In this paper, we propose a method for managing online accounts for such low literacy users that uses a risk-based approach. The proposed method facilitates ease of use and reduces the risk of personal information leakage by allowing users to reuse passwords on multiple websites. The objective of this method is to minimize personal information leakage by regulating the risk of a list-based attack.
2. Related Works
Various password-related studies have been conducted. For example, Inglesant and Sasse  and Al Fayyadh et al.  conducted studies on password policies. Al Fayyadh et al. pointed out that users often adopt strategies to simplify password management, such as selecting weak passwords and reusing passwords across multiple accounts which, unfortunately, can cause security vulnerabilities  . Password management strategies have also been studied by Jeslet et al.  , Choong  , and Gaw and Felten  . Various password management applications have also been analyzed  -  . Karole et al.  conducted a comparative usability study of three popular password managers: Last Pass, Kee Pass, and Roboform2Go.
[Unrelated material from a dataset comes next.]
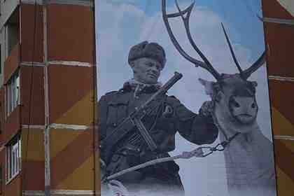 В Усинске, республика Коми, повесили баннер к 9 Мая, на котором был изображен не советский, а финский солдат. Фото плаката распространилось в соцсетях 3 мая. На нем изображен солдат с оленем. В руках он держит финский автомат Suomi KP/31. На их фоне написан фрагмент стихотворения «Рогатые батальоны» Галины Грицаченко.

Gasti and Rasmussen  analyzed storage formats used by popular password managers. Bojinov et al.  and McCarney et al.  proposed password managers. Ruiz et al.  researched personal behaviors regarding privacy that allows the leakage of information.
Gaw et al.  discussed how current systems support poor password practices from the perspective of user behavior. They also proposed changes to website authentication systems and password managers. To determine the current situation with regard to password reuse by users, they surveyed how often users reused passwords and their reasons for doing so. Consequently, they demonstrated that people relied on their memory. Alas, whereas current systems do not help users to recall their passwords, they do enable passwords to be reused.
Florêncio et al.  found that many currently available methods for managing passwords are ineffective at ensuring the safety of web services and establishing a basis for password management. Thus, they surveyed password durability and analyzed the basis for strong password durability. They postulated that web accounts that do not contain important information about users did not need to be managed, and that only web accounts that do possess important information about users should be managed. Indeed, the following are commonly held opinions regarding safe passwords  :
1) Passwords should be random and strong.
2) Passwords should not be reused in all web accounts.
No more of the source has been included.